Construção do porto em Techobanine pode comprometer status de Património Mundial

 

A deslumbrante costa sul de Moçambique, reconhecida como uma das mais ricas em biodiversidade do continente africano, está no centro de uma acesa discussão entre conservação ambiental e ambições de desenvolvimento económico. A informação é avançada pelo conceituado jornal sul-africano Daily Maverick, que revela que o país se prepara para apresentar, em Julho, em Paris, uma proposta para integrar parte da sua faixa costeira na prestigiada lista de Património Mundial da UNESCO.

A proposta moçambicana visa a criação de uma área de conservação transfronteiriça que uniria o Parque Nacional de Maputo ao Parque de Zonas Húmidas de iSimangaliso, na África do Sul. O Comité do Património Mundial, responsável por avaliar o pedido entre os dias 6 e 16 de Julho, descreve a região como “cenicamente bela” e “uma das mais extraordinárias zonas húmidas e costeiras naturais de África”.

No entanto, este movimento de conservação colide frontalmente com outro projecto ambicioso do Estado moçambicano: a construção de um porto de águas profundas em Techobanine, no distrito de Matutuíne. Esta infraestrutura, que serviria como terminal de exportação de carvão e outros minérios, viria acompanhada por uma linha ferroviária de 1100 km, ligando Moçambique ao Zimbabué e ao Botsuana, permitindo a exportação de recursos naturais para a China e outros mercados globais.

Embora os documentos oficiais garantam que “não há planos imediatos” para construir o porto dentro da zona proposta para Património Mundial, a recente doação de 3 milhões de dólares (cerca de 192 milhões de meticais) do Banco Africano de Desenvolvimento (BAD) para estudos de viabilidade acendeu o alerta entre ambientalistas.
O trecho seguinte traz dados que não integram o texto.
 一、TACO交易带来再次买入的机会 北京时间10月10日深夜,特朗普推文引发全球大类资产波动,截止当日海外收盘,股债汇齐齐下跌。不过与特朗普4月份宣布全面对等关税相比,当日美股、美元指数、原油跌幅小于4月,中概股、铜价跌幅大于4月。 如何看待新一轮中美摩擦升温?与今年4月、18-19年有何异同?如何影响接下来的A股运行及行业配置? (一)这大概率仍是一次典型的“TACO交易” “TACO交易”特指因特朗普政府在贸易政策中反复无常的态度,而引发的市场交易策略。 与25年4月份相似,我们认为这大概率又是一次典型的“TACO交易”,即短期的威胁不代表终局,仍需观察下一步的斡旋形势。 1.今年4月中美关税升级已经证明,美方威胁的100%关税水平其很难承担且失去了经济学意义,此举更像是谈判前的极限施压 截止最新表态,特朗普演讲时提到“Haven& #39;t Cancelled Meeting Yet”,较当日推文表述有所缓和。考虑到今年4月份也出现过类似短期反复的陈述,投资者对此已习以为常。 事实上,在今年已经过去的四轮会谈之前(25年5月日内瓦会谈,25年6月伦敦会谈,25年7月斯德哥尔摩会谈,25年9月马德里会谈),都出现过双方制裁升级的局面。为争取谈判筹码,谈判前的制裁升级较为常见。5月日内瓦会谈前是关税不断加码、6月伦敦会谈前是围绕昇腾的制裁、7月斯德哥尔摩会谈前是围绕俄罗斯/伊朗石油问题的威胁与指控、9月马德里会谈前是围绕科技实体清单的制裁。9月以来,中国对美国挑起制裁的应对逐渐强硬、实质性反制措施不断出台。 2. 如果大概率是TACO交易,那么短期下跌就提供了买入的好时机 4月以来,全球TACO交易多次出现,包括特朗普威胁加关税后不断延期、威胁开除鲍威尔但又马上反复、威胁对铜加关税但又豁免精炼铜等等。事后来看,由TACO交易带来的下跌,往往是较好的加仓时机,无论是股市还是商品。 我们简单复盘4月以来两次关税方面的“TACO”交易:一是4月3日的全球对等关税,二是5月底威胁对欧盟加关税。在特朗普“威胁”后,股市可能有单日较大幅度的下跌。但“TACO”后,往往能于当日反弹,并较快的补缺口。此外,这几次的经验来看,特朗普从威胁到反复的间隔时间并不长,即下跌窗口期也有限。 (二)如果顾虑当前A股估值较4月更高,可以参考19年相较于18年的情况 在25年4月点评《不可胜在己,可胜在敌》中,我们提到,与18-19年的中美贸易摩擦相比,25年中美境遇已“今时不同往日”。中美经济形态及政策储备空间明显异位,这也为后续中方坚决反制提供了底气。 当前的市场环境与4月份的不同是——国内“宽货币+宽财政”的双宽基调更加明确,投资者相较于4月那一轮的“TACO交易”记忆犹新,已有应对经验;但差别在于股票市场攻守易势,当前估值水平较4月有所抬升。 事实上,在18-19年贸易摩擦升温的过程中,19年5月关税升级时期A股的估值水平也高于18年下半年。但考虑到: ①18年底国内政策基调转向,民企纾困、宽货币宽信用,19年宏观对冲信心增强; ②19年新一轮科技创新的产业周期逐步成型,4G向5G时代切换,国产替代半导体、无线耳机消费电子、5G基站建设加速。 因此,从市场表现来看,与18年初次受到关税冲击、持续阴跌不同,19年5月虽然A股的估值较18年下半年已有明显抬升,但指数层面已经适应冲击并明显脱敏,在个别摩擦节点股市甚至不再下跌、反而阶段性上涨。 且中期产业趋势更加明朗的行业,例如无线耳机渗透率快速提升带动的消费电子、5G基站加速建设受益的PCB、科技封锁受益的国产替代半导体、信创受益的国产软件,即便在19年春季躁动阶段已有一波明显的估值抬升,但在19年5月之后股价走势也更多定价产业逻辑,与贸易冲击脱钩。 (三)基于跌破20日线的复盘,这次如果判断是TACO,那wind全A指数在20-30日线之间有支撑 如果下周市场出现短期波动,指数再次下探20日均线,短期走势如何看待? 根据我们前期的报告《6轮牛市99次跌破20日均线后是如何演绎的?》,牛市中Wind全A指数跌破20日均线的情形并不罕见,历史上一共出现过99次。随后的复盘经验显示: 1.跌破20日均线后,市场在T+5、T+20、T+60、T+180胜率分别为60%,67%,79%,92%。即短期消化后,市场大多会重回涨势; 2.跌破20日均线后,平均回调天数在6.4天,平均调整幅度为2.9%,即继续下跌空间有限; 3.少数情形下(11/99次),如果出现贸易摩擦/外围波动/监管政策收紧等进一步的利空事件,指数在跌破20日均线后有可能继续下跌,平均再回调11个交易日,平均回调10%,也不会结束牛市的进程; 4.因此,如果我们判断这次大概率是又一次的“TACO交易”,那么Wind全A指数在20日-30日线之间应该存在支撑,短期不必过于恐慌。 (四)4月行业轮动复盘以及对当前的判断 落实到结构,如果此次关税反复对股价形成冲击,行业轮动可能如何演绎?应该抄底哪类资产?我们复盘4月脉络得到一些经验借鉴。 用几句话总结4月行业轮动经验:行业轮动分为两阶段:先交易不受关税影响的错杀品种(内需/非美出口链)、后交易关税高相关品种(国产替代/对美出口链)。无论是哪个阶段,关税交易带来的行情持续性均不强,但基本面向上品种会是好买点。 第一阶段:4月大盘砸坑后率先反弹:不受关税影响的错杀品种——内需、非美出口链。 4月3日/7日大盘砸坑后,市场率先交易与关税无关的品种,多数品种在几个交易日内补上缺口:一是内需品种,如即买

O custo total do projecto é estimado entre 800 milhões e 1,9 mil milhões de dólares, ou seja, até 122 mil milhões de meticais.

A região em questão abriga uma rica e frágil diversidade ecológica. Trata-se do habitat de espécies raras e ameaçadas, incluindo recifes de coral, tartarugas marinhas, golfinhos e carapaus-gigantes (Caranx ignobilis), além da histórica Reserva de Elefantes de Maputo, a Península de Machangulo e as ilhas de Inhaca e Portuguesa.

Curiosamente, o Corredor de Futi — essencial para a migração de elefantes entre Moçambique e África do Sul — foi excluído da proposta da UNESCO, embora continue protegido como parte do Parque Nacional de Maputo.

O Governo moçambicano e parceiros internacionais, como a Peace Parks Foundation e o Banco Mundial, destacam os avanços registados na reintrodução de espécies selvagens e no turismo sustentável. Ambos insistem que qualquer plano de desenvolvimento futuro deverá respeitar o Valor Universal Excepcional da área a ser protegida.

Ainda assim, permanece a dúvida sobre a compatibilidade entre o crescimento económico impulsionado por infraestruturas estratégicas e a preservação de uma das últimas paisagens costeiras intactas de África. A decisão final da UNESCO, a ser conhecida em Julho, poderá moldar não apenas o futuro da costa sul moçambicana, mas também o paradigma de desenvolvimento ambientalmente sustentável no país.